第128話

 吐き出した白い息が、夜空へと音もなく消えていった。

 見上げれば透き通った空気と、その先に瞬く満天の星空が広がっている。

 夜になると身震いするほどの寒さが身を刺すが、これからもっと寒くなっていくに違いない。


 防寒具を買いそろえた方がいいかと考えている内に、焚き木に掛けていた調理器具が音を立てて揺れる。

 中のスープが完成したのだろう。徐々に空腹を刺激する匂いが立ち込める。

 人形の手入れをしているアリアを尻目に、完成したスープを取り分けていく。

 万全な準備をしてきたが、それでも食糧は残り半分といったところだ。

 

 竜討祭が開催し、数日。

 俺達は指定された地域で魔物の討伐に勤しんでいた。

 ただその結果が芳しいとは、とてもではないが言い難かった。


「企画倒れでしょ、この祭り。他の冒険者からどれだけ苦情が出るか見物ね」


「そう言うなよ。魔物が出ないってことは、それだけ安全ってことだ。喜ばしいじゃないか」


「今日で三日目よ? それでたった五匹しか魔物が来ないって、おかしいでしょ!」


「だが我輩達の任された地域が特別少ない、という訳ではないのであろう?」


「それはまぁ、人形達に確認させた別の地域も、殆ど魔物が出て来てないみたいだけれど」


 人形の手入れをしていたアリアが不満をぶちまけ、何とかそれを宥めようと言葉を返す。

 だが実をいえば、アリアの気持ちも理解できた。

 竜討祭はこの時期に増える魔物の被害を抑えるために創設された祭りだと聞いていた。

 そして実際、魔物を討伐した際に入手できる魔石の総数を競うというルールでもある。

 だというのに、ここ数日間で俺達が相手をしたのは片手で数えるほどしかない。

 

 俺達にはこの竜討祭で優秀な成績を収め、フォロボスの称号を得るという目的がある。

 それはつまり他の冒険者達より多くの魔物を討伐しなければならないということに他ならない。
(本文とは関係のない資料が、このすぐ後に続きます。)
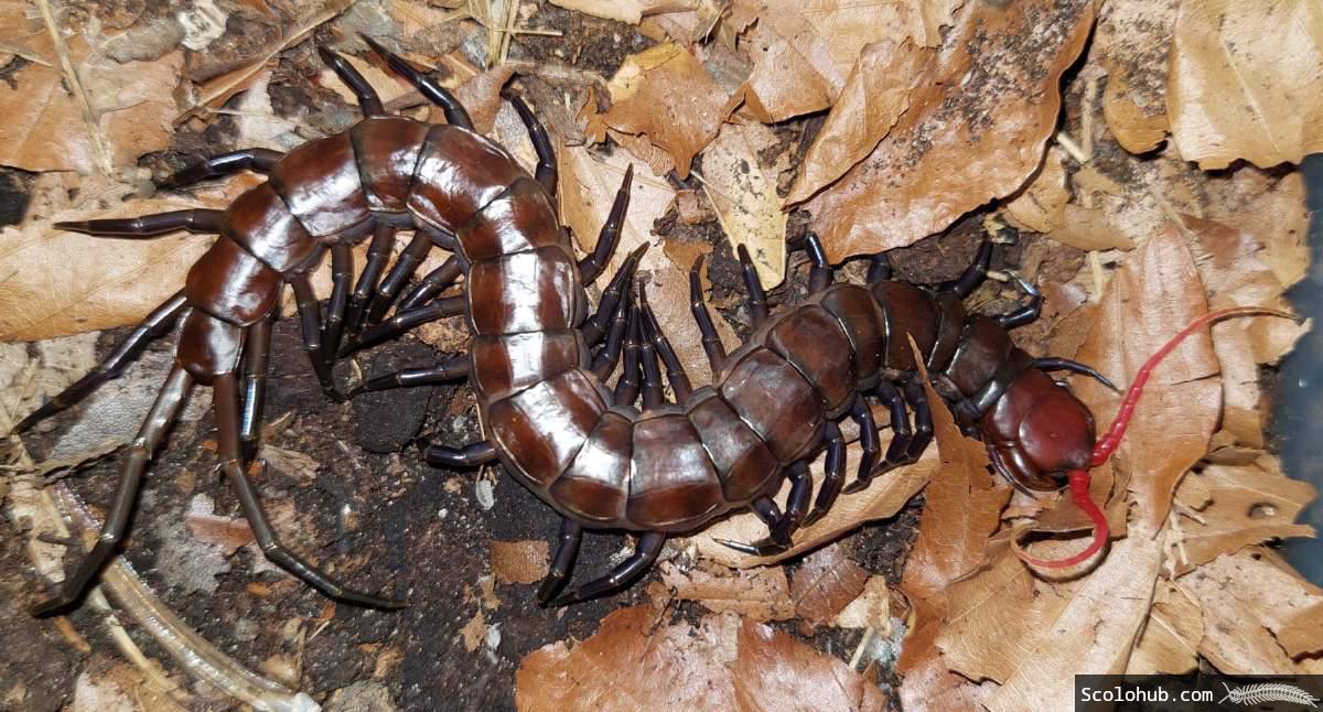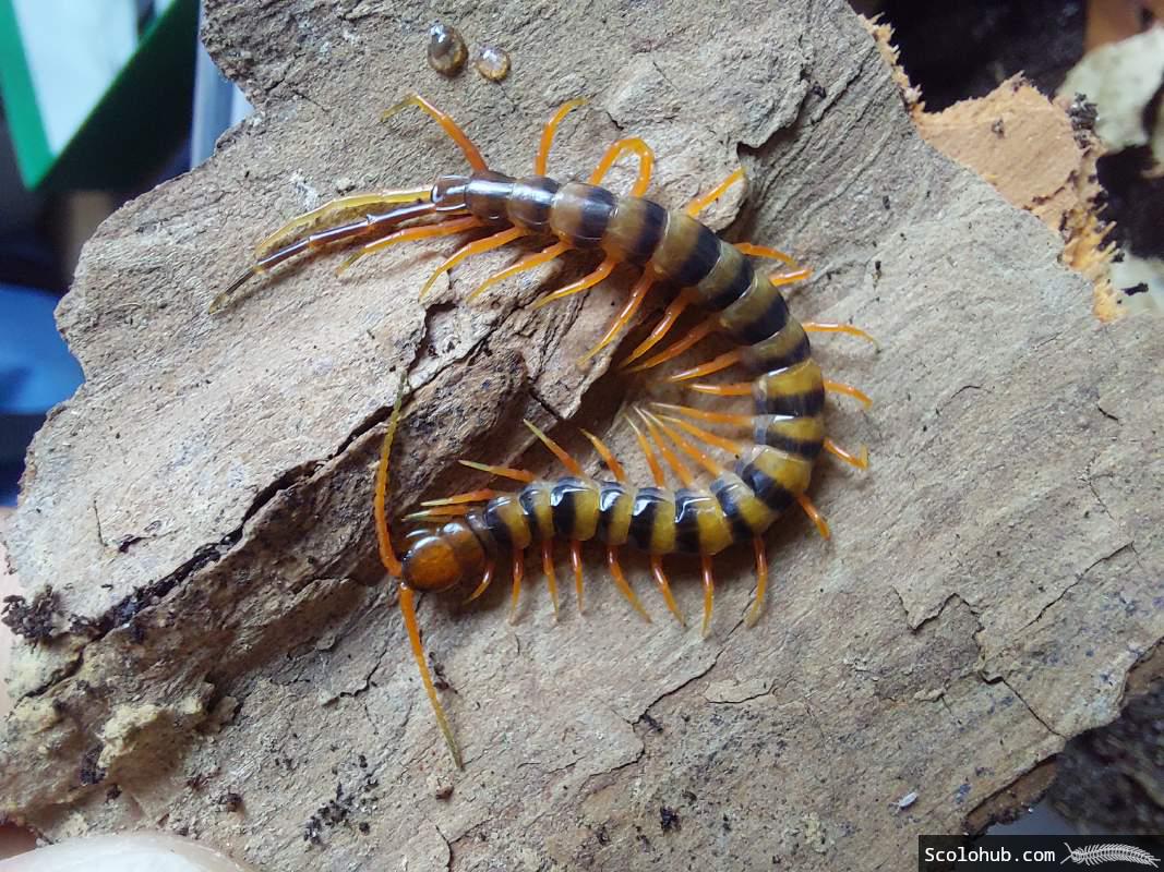 Jungtiere unterscheiden sich deutlich von der Adultfärbung und sind in den ersten Stadien orange-schwarz gebändert. Wie viele andere große Arten der Gattung Scolopendra aus den Tropen ist auch diese Form nachtaktiv, agil und temperamentvoll.

 焦燥感と無意味に浪費されている時間にアリアがいら立ちを覚えても、責められるものではなかった。

 

 とはいえこれ以上、俺から言えることは何もない。

 目の前のスープに意識を向けると、焚き木で別の食材を調理していたビャクヤが嬉しそうな声を上げた。


「よし、焼けたぞ! ファルクス、受け取れ!」


 手渡されたのは、昼間の内にビャクヤが狩ってきた獲物を捌いたものだ。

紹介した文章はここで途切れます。